*** GIVEN DATA ***

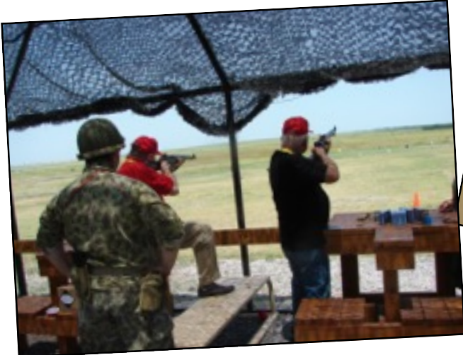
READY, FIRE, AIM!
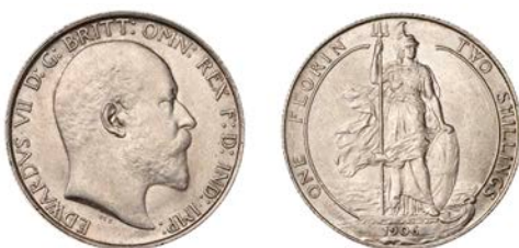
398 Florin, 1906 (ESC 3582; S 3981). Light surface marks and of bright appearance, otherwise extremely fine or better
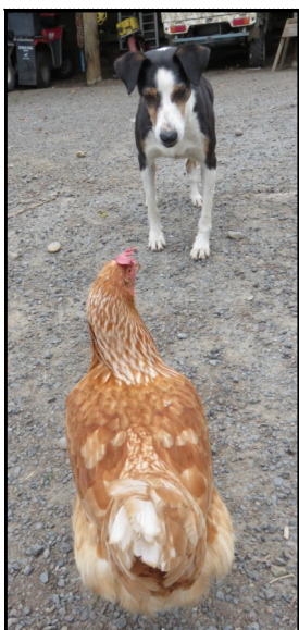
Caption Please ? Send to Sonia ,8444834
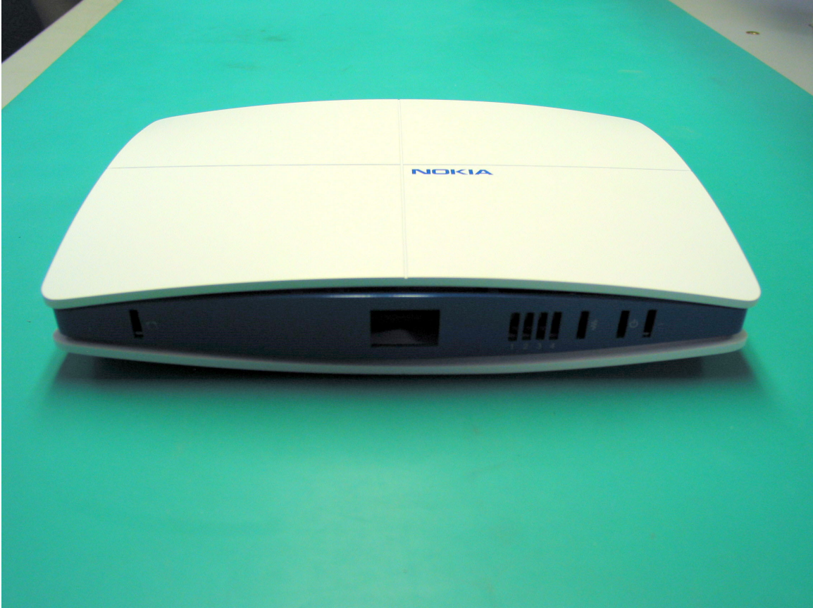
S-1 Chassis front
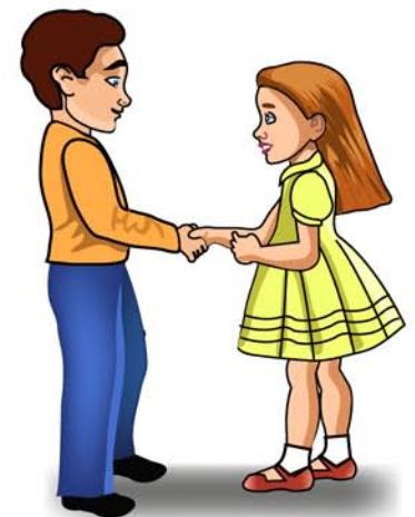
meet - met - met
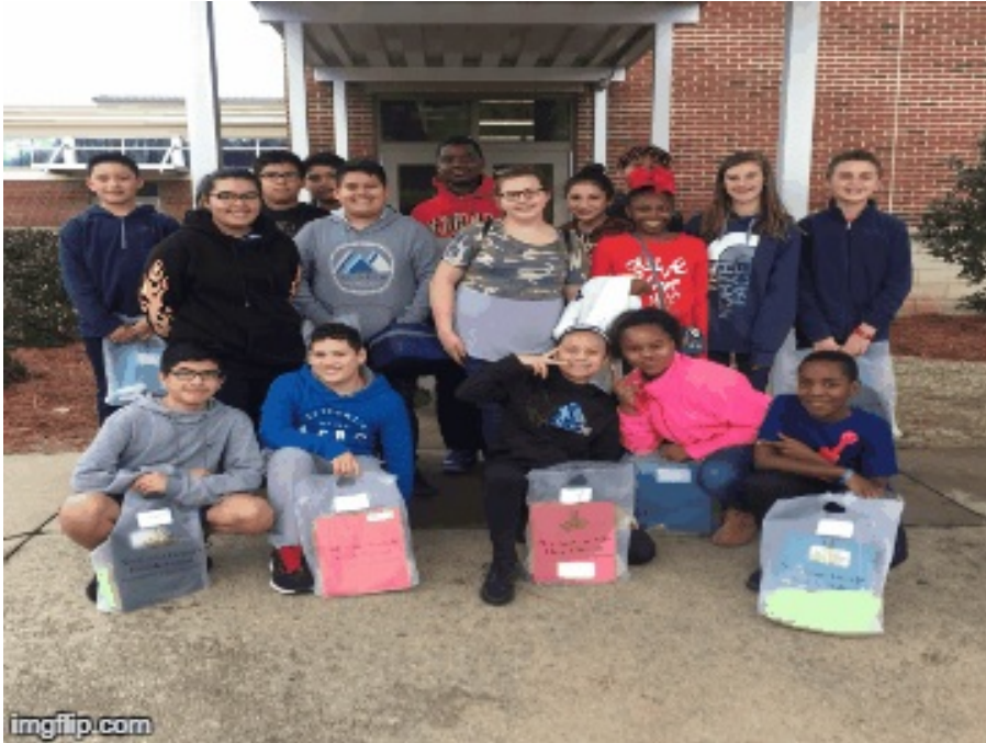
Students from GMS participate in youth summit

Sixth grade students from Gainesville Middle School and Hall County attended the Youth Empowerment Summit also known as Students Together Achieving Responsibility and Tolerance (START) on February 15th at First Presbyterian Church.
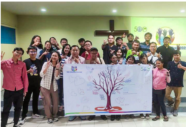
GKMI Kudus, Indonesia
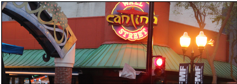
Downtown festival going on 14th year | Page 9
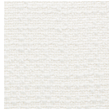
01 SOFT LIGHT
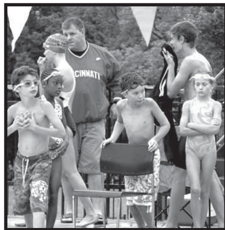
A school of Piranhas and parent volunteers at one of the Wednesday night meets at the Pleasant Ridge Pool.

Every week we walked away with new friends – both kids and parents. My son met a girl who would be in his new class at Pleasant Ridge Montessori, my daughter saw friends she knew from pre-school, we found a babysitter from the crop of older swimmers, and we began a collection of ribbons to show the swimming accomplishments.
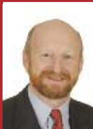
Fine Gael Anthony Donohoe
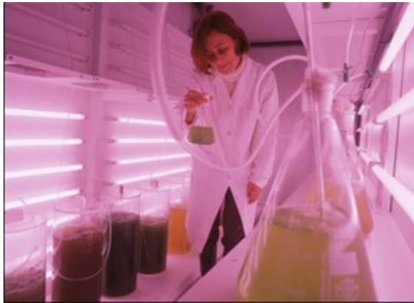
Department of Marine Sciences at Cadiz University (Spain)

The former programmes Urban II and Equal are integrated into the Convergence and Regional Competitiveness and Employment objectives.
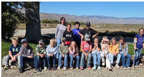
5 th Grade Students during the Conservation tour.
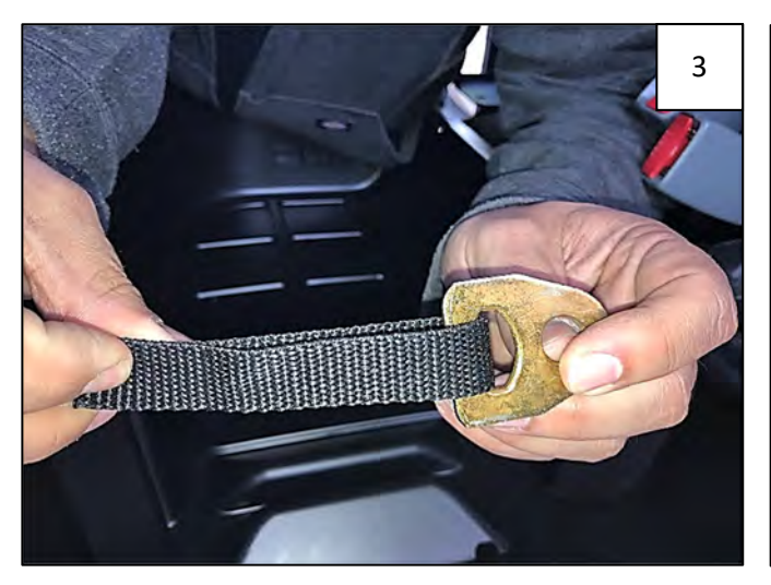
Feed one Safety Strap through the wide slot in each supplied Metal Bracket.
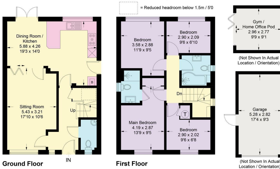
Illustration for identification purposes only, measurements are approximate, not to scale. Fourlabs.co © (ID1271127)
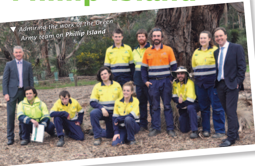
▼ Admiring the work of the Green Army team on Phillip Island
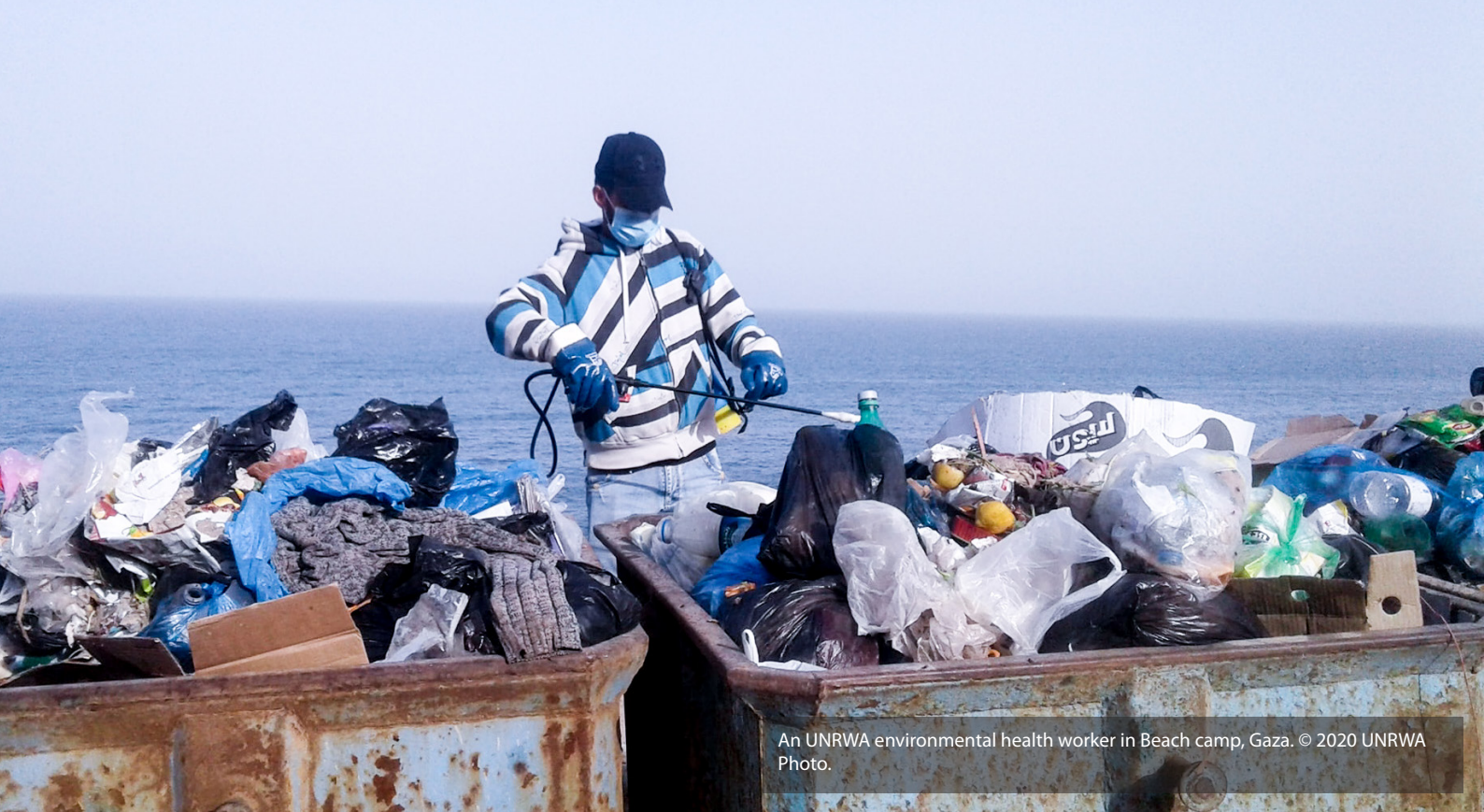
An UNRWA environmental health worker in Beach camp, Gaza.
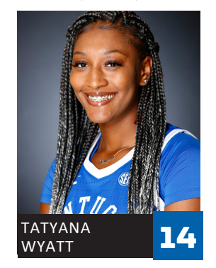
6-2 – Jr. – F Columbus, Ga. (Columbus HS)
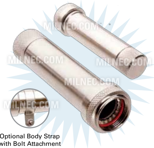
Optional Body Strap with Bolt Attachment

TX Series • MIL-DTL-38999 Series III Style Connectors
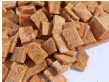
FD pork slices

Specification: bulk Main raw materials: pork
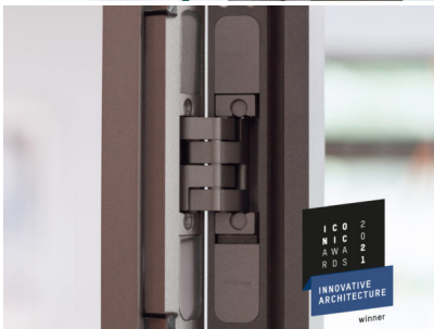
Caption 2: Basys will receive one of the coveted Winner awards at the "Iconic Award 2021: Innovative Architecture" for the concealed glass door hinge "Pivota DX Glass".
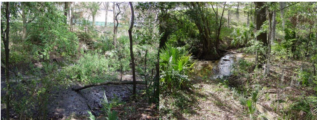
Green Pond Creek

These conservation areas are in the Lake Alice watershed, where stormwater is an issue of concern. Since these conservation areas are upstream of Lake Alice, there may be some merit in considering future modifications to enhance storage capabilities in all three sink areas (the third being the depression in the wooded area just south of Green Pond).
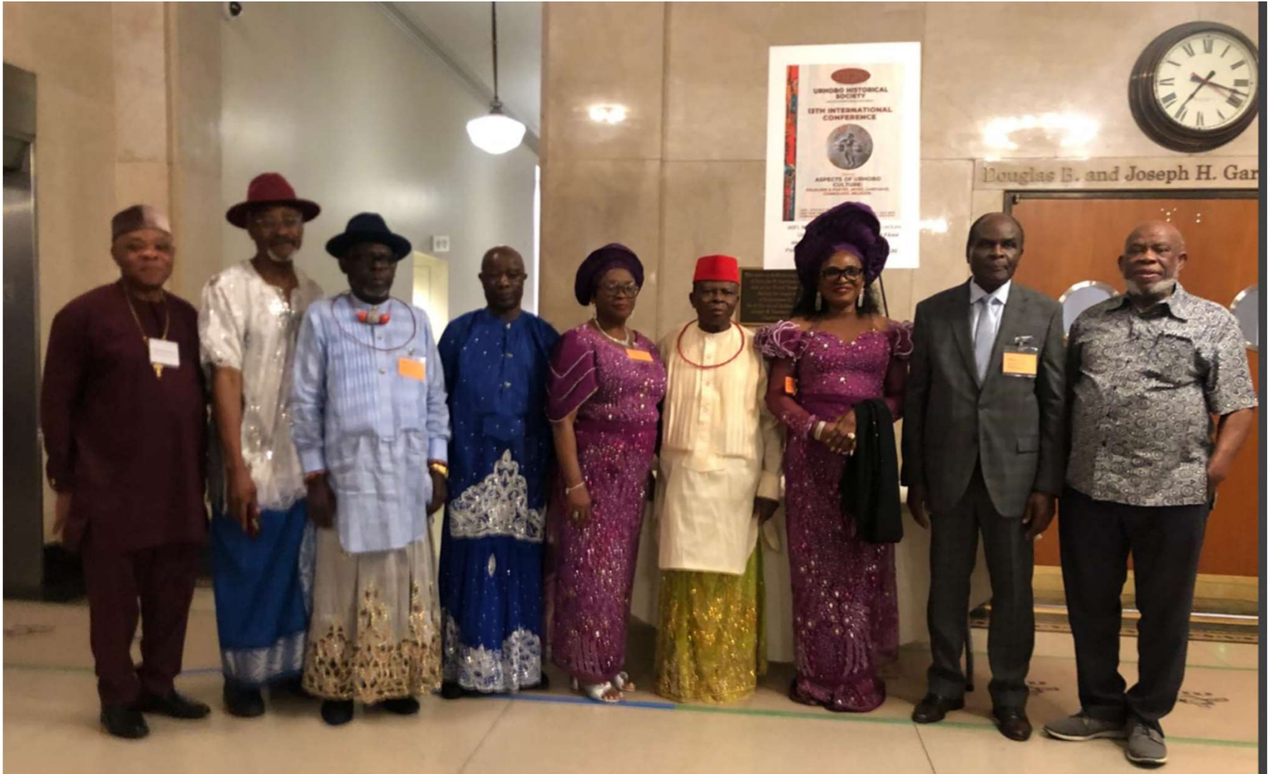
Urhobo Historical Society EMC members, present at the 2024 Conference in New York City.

*** End of GIVEN DATA ***

■ **EXERCISE OBJECTIVE**
Scan the listing above. Gather each line that contains the word "Pleasant".

■ **RESULT**
A school of Piranhas and parent volunteers at one of the Wednesday night meets at the Pleasant Ridge Pool.
Every week we walked away with new friends – both kids and parents. My son met a girl who would be in his new class at Pleasant Ridge Montessori, my daughter saw friends she knew from pre-school, we found a babysitter from the crop of older swimmers, and we began a collection of ribbons to show the swimming accomplishments.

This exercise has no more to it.